My dad and I were going through our new routine – sitting next to my mom in the ICU while she slept. We kept pretty quiet to try to not to disturb her, since good sleep in the ICU was rare. This unit was grandfathered in, which meant there were no walls between patients despite that being the new regulation. And I can see why that regulation passed. Machines beeped and droned constantly. Visitors yacked loudly on cellphones making personal calls (against a rule that apparently no one would enforce). But the worst was when something was going wrong. One patient tried to tear out all of his tubes while swearing up a storm and thrashing around the unit. Even more disturbing was when nurses would swarm a patient when something was going terribly wrong.

It wasn’t a good place for the kind of peaceful rest you need after you almost died.

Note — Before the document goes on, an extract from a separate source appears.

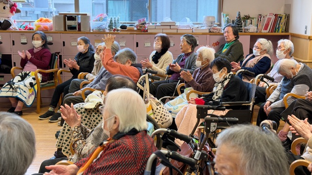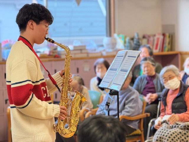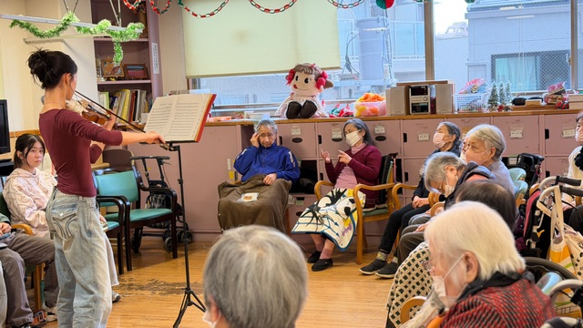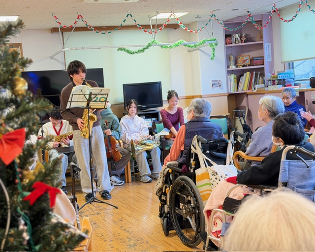 先週の土曜日、笹幡デイサービスに国際音楽学校 「エバーグリーングループ」 の生徒の皆さんが来所され、クリスマスコンサートを開催してくださいました。

But since my dad and I were trying not to make my mom’s space any noisier than it already was, we mostly sat and listened. And I’ll always remember one of the conversations we silently listened to, only communicating with each other through mutual eye rolls.

A man had been admitted in the bed next to my mom for triple bypass surgery (yes, you hear that much detail and more – if I had been taking notes I could have told you his whole medical history and current medications…so much for medical privacy). It seemed to have been pretty routine and uncomplicated – he had been wheeled out and back and was pretty much instantly looking back to normal. He was immediately eating solid food while resting in his lazy boy. To put things into perspective, my mom had just been given her first nutrient IV bag after almost a week of no food at all, and still couldn’t stand.

The man called a nurse and she promptly came to help him with what he needed. He said to her, “My brother says if you thank nurses, you get better service. So I guess I should say thank you.”

The nurse looked at him incredulously for one moment before squeezing a “you’re welcome” through gritted teeth.

I was kind of stunned. Who thinks that way? You think the only reason you should be polite and thank someone is because you selfishly want better service? You know, not because that nurse was part of a team that saved your life? More so, who says that out loud without realizing how incredibly rude it is?

It irritated me, but I tried to ignore it. Maybe he was hopped up on drugs or something. Maybe he was just a jerk. Whatever. I didn’t need to worry about him because I was just happy my mom was alive. (And to illustrate one of the reasons I love my mom: After she was able to communicate clearly through writing, she overheard the nurses placing an order for their dinners over the phone, and she tried to insist that we pay for her nurse’s meal since she had been taking such good care of her all week. The nurse politely declined, but that’s the kind of lady my mom is – even in sickness she’s thinking about others.)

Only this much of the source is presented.